Sem dúvida, a coisa mais legal que já fiz na minha vida e a minha favorita. Eu nem queria sair da água.
Meu companheiro quis sair e fazer uma pausa; há uma corrente e você precisa prender a respiração por muito tempo, então é bom fazer pausas e depois voltar.
Depois de recuperar o fôlego no barco, era hora de voltar para a água com os golfinhos.
Mas agora, desta vez, com nossa case de celular à prova d’água. É uma capa de telefone subaquática que também flutua, e agora temos nosso próprio design.
Gostamos muito de usá-la porque o iPhone captura imagens subaquáticas surreais, e meu companheiro também adora usá-la para o Instagram.
É, honestamente, uma ótima companheira para qualquer atividade aquática.
Despedida do Paraíso: Refúgio, Recifes e Raias
Acabamos de voltar de Wadi Lahami e daquelas amazes golfinhos! Eu gostaria de poder ficar naquela água para sempre…
…mas quando chegamos aqui, George nos surpreendeu com um upgrade, de nosso chalé deluxe para um chalé supreme deluxe, com um pátio incrível e vista para o mar.
Ah, esta será a melhor noite de todas! Saúde, meu amigo!
De todos os lugares que visitamos no Egito, este tem sido o meu favorito.
Acho que quem nos acompanha há tempos sabe o quanto amamos a água, e eu não sabia o quanto precisava disso, mas simplesmente adorei. Adorei muito!
Para mim, foi a melhor experiência de viagem que já tive. Primeiro, porque amo golfinhos.
A forma como eles agiam de maneira brincalhona tão perto de nós, bem na nossa frente, foi inacreditável. E pareciam conversar o tempo todo entre si.
Se você está se perguntando o que é isso na minha mão, foi um arranhão que consegui ao subir a escada da lancha. Foi uma aventura!
Passamos cerca de três horas lá. É uma daquelas coisas que nunca vou esquecer, e eu gostaria de poder fazer de novo amanhã, e depois, e depois.
Meu companheiro explorou o recife da casa ontem, eu não tive a oportunidade. Mas estou animado para ir hoje.
É nossa última noite aqui, então preciso aproveitar! Estamos correndo contra o tempo! Adeus!
Logo atrás de mim está o café onde todos vão à noite, logo após o mergulho.
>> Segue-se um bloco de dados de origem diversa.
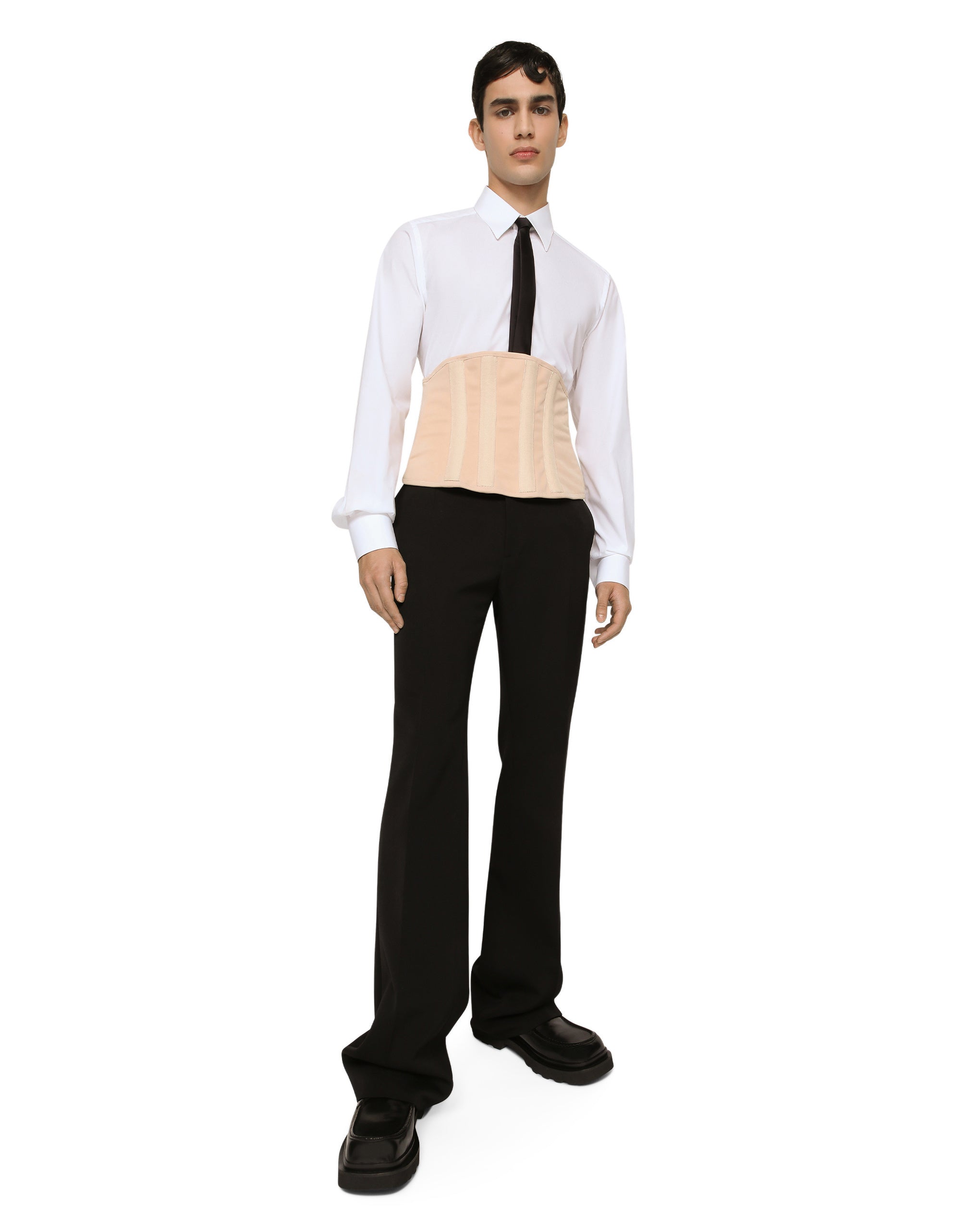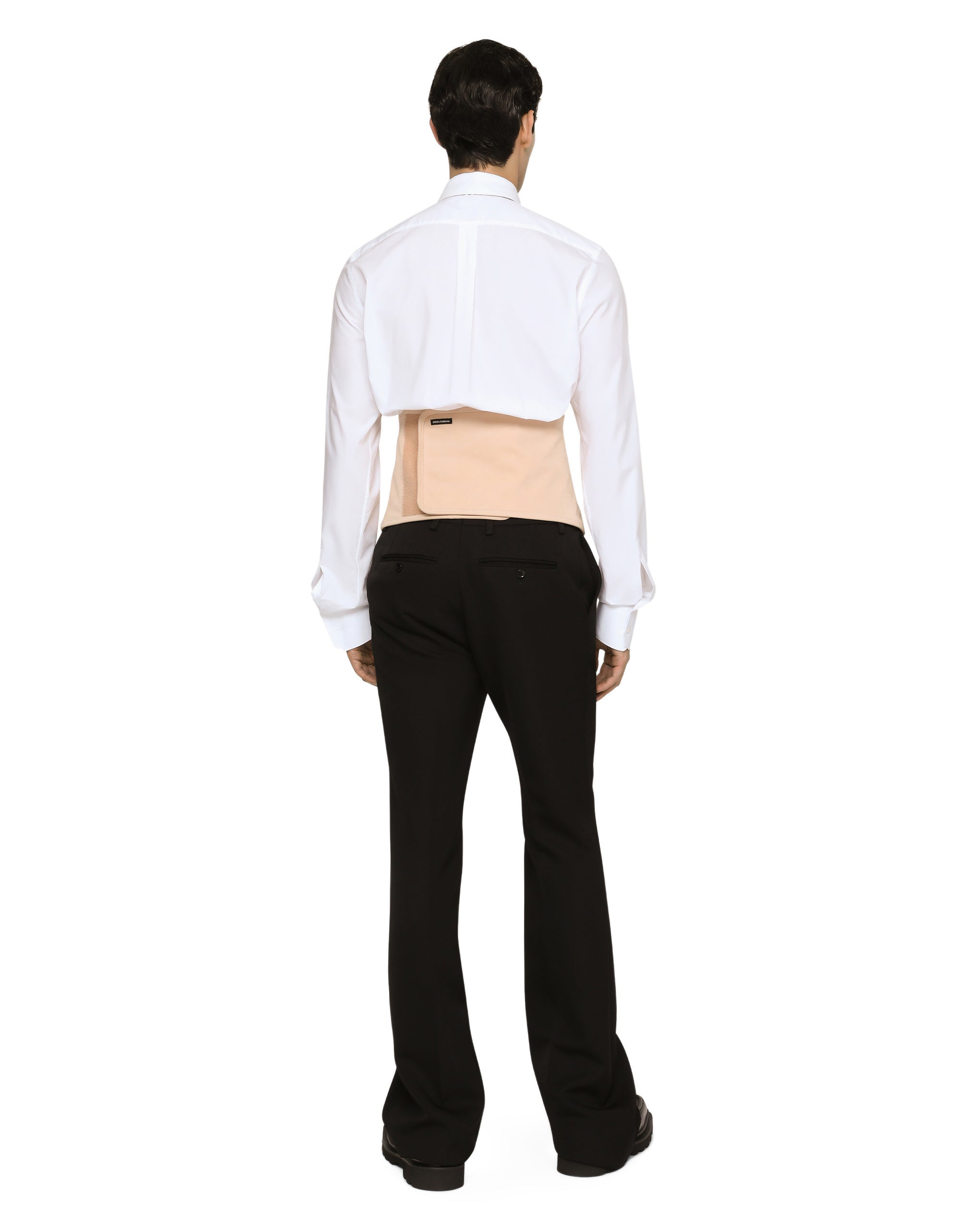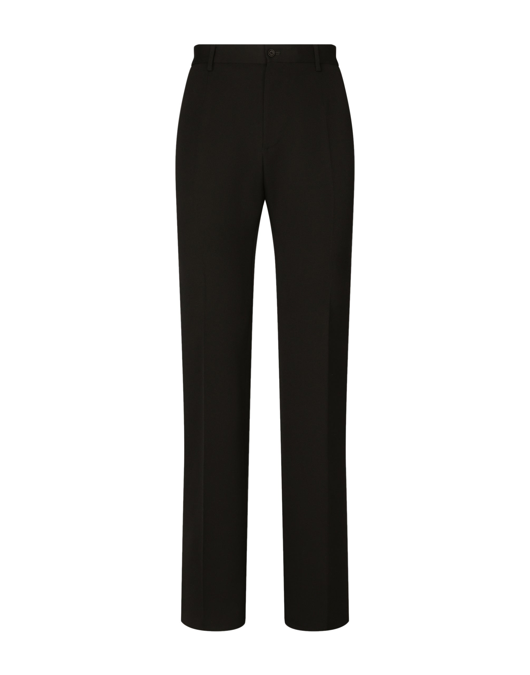 The pieces designed for FW23-24 represent the true essence of Dolce&Gabbana. They dominate with their pure volumes, tailored cut and new proportions. Coats, tops, white shirts, oversize pants, corset girdles and sash-bands that cinch the waist are reissues of the F/W 99-00 collection. Black, the absolute protagonist, which represents elegance, formality and seduction, has been translated into crystal embellishment that brings the wet volcanic stone of Etna and Stromboli to mind. Tailored flared wool pants: • Regular fit • Belt loops on the waist • Fly-covered zipper and button fastening • Front slant pockets and buttoned welt pockets at the back • Black • The item measures 128 cm on the outer leg and the hem is 28 cm wide on a size IT 48 • The model is 185 cm tall and wears a size IT 48 • Made in Italy
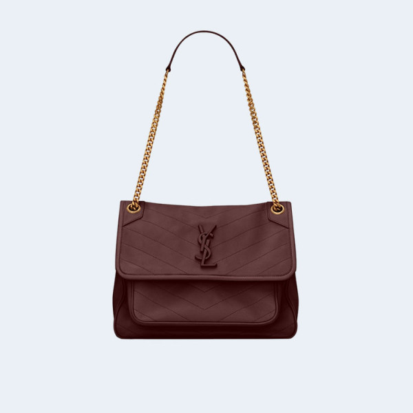 생로랑 니키 스웨이드 미디움 체인백 와인
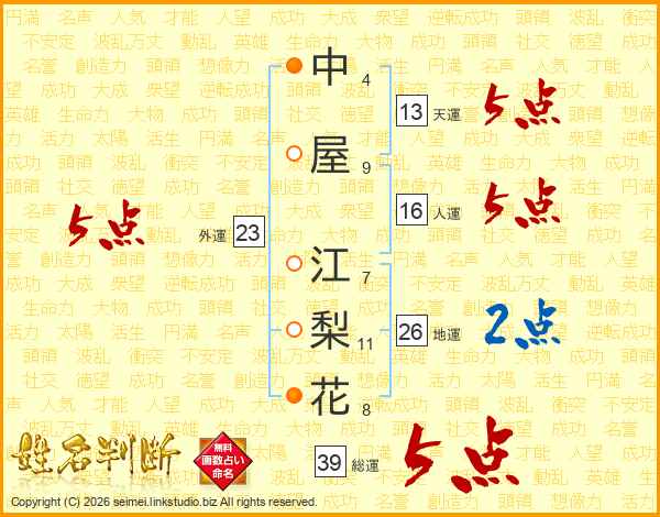 中屋江梨花さんの総運は39画の5点!
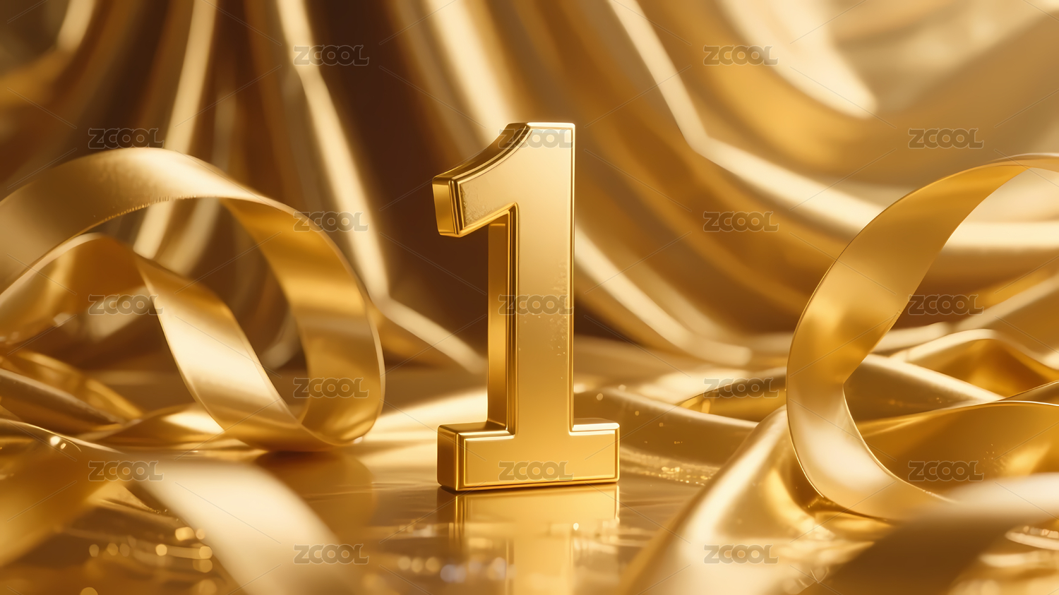 3D,金色粒子,倒计时,数字,1,周年庆海报,壁纸,插画,背景板,金色
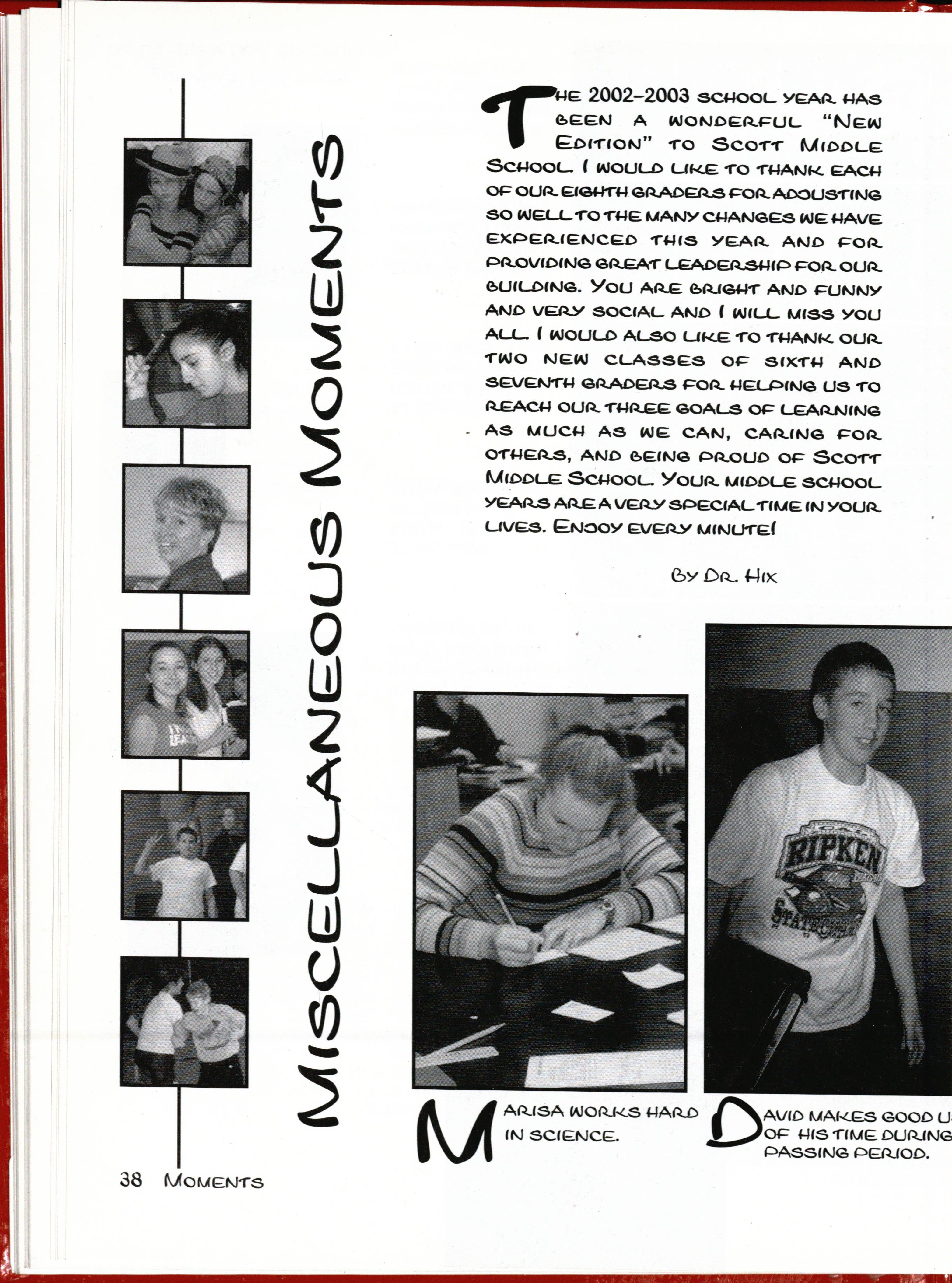 This year, Scott Middle School experienced many small "edits" that made a big difference. This was our fir t year a a true middle school , going from grades seven eight, and nine to grade six, even, and eight. We welcomed several new students, teacher , and even a new principal. Some of our rule and procedures were modified as well. After all the
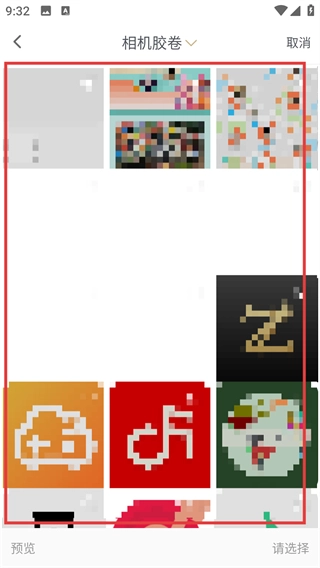 4、在相机胶卷界面选择要分享的图片,选好后就能回到发布页继续完成动态的发布流程啦。

É o ponto de encontro tranquilo.
Eles têm assentos confortáveis, cadeiras para todo o grupo relaxar, e é muito divertido ver todo mundo aqui.
Contei ao meu companheiro, que filmava, sobre o que tinha acabado de ver: “Eu vi uma arraia-manta!” Ele ficou feliz: “Que bom que você conseguiu ir!”
Sim, estou muito feliz que um de nós tenha visto. Talvez até tenha conseguido filmar.
A primeira coisa que pensei foi “manta”, mas na verdade era uma arraia-águia.
Não estou brincando, vou pedir ao meu companheiro para mostrar uma foto do Google, porque a cauda era a mais longa que já vi. Fiquei quase assustado!
Tristemente, é nossa última noite aqui no Red Sea Diving Safari. Acho que este lugar estará no meu top 10 do Egito depois desta experiência.
Mas depois disso, vocês nos verão na Jordânia. Esperamos que este relato inspire sua próxima aventura!